## What you should do
What you need to produce from the material below is an exact transcription of the lines from the one with "上記のボタンから「グラム・キ" through the one with "八拾大家人名録 Hachijū (Eighty)", both included, and no other line.

## Records supplied
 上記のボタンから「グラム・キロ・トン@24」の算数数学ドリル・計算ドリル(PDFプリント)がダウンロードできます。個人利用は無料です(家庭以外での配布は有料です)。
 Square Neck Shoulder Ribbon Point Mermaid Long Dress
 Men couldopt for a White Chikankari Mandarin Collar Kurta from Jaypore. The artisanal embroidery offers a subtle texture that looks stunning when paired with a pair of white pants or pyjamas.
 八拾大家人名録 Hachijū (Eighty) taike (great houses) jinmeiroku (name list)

---

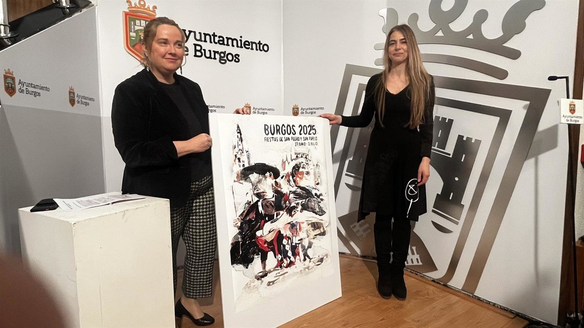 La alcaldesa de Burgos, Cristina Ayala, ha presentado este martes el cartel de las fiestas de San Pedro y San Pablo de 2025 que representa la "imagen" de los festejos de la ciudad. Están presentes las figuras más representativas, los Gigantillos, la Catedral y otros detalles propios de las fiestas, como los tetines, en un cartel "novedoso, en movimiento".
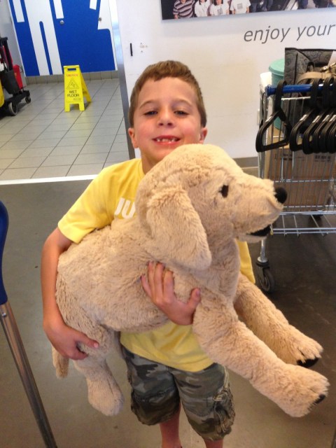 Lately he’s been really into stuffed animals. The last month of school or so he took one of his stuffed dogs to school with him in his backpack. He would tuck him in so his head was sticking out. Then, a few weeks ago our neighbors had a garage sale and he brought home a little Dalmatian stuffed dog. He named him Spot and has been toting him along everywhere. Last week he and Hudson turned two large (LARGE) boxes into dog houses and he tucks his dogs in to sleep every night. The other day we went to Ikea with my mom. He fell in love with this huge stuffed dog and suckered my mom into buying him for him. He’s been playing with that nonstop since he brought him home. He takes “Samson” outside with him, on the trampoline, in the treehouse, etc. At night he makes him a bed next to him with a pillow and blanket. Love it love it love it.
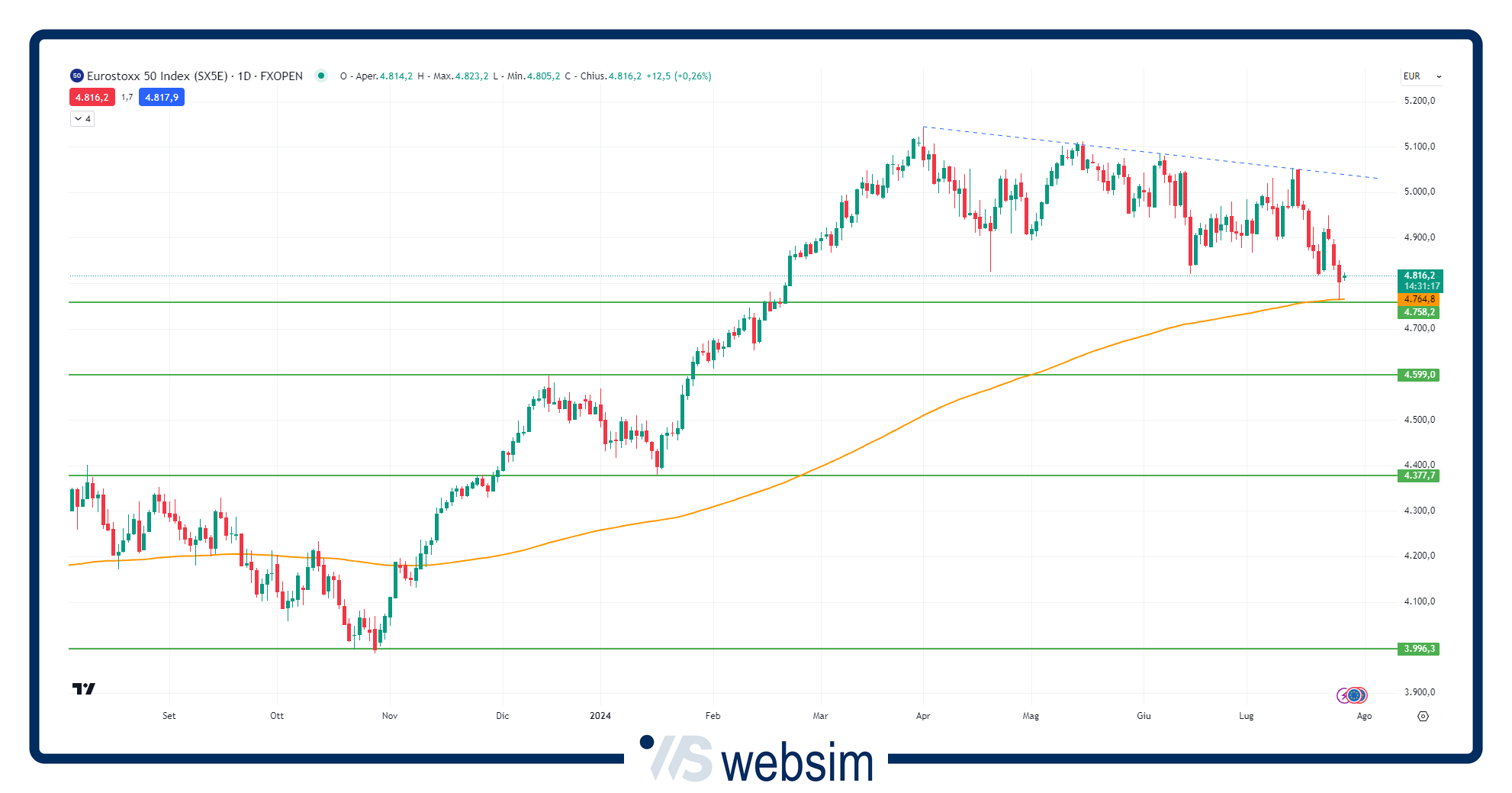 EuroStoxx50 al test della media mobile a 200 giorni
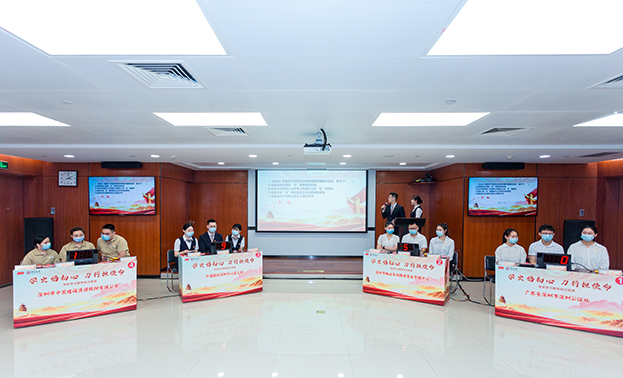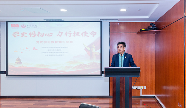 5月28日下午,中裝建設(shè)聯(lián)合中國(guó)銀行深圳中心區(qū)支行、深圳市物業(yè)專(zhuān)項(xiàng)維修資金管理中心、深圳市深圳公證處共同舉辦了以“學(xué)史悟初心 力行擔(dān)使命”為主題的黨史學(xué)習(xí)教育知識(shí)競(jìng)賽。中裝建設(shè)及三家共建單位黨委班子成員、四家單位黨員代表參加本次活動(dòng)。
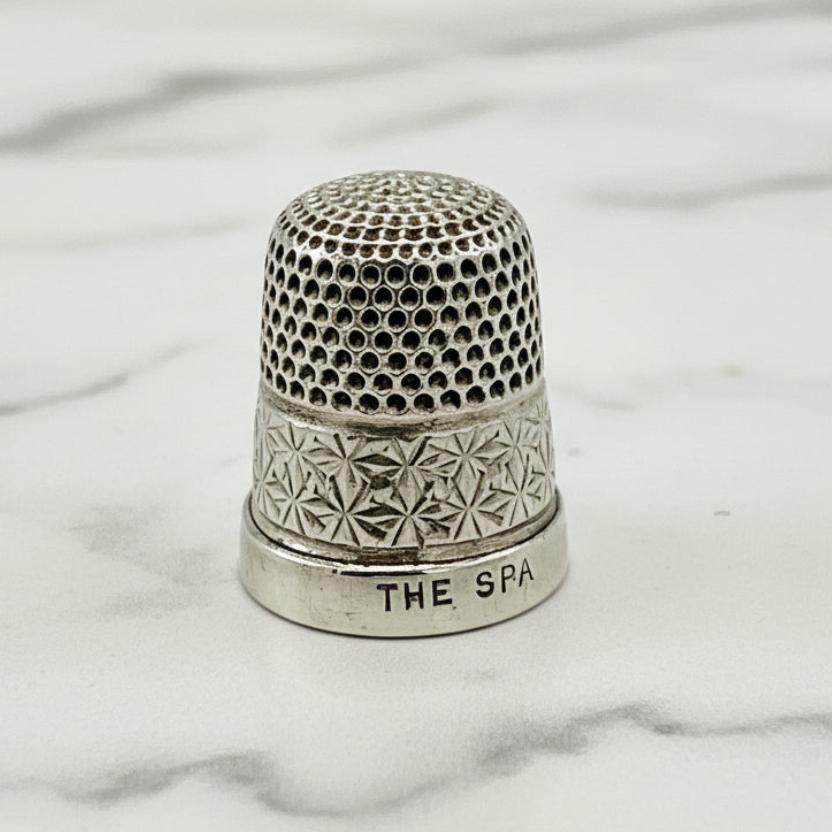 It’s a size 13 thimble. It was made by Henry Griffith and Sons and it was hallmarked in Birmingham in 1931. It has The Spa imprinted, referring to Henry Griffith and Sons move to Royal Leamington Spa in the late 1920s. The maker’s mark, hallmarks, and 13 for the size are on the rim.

## Response to the exercise
 上記のボタンから「グラム・キロ・トン@24」の算数数学ドリル・計算ドリル(PDFプリント)がダウンロードできます。個人利用は無料です(家庭以外での配布は有料です)。
 Square Neck Shoulder Ribbon Point Mermaid Long Dress
 Men couldopt for a White Chikankari Mandarin Collar Kurta from Jaypore. The artisanal embroidery offers a subtle texture that looks stunning when paired with a pair of white pants or pyjamas.
 八拾大家人名録 Hachijū (Eighty) taike (great houses) jinmeiroku (name list)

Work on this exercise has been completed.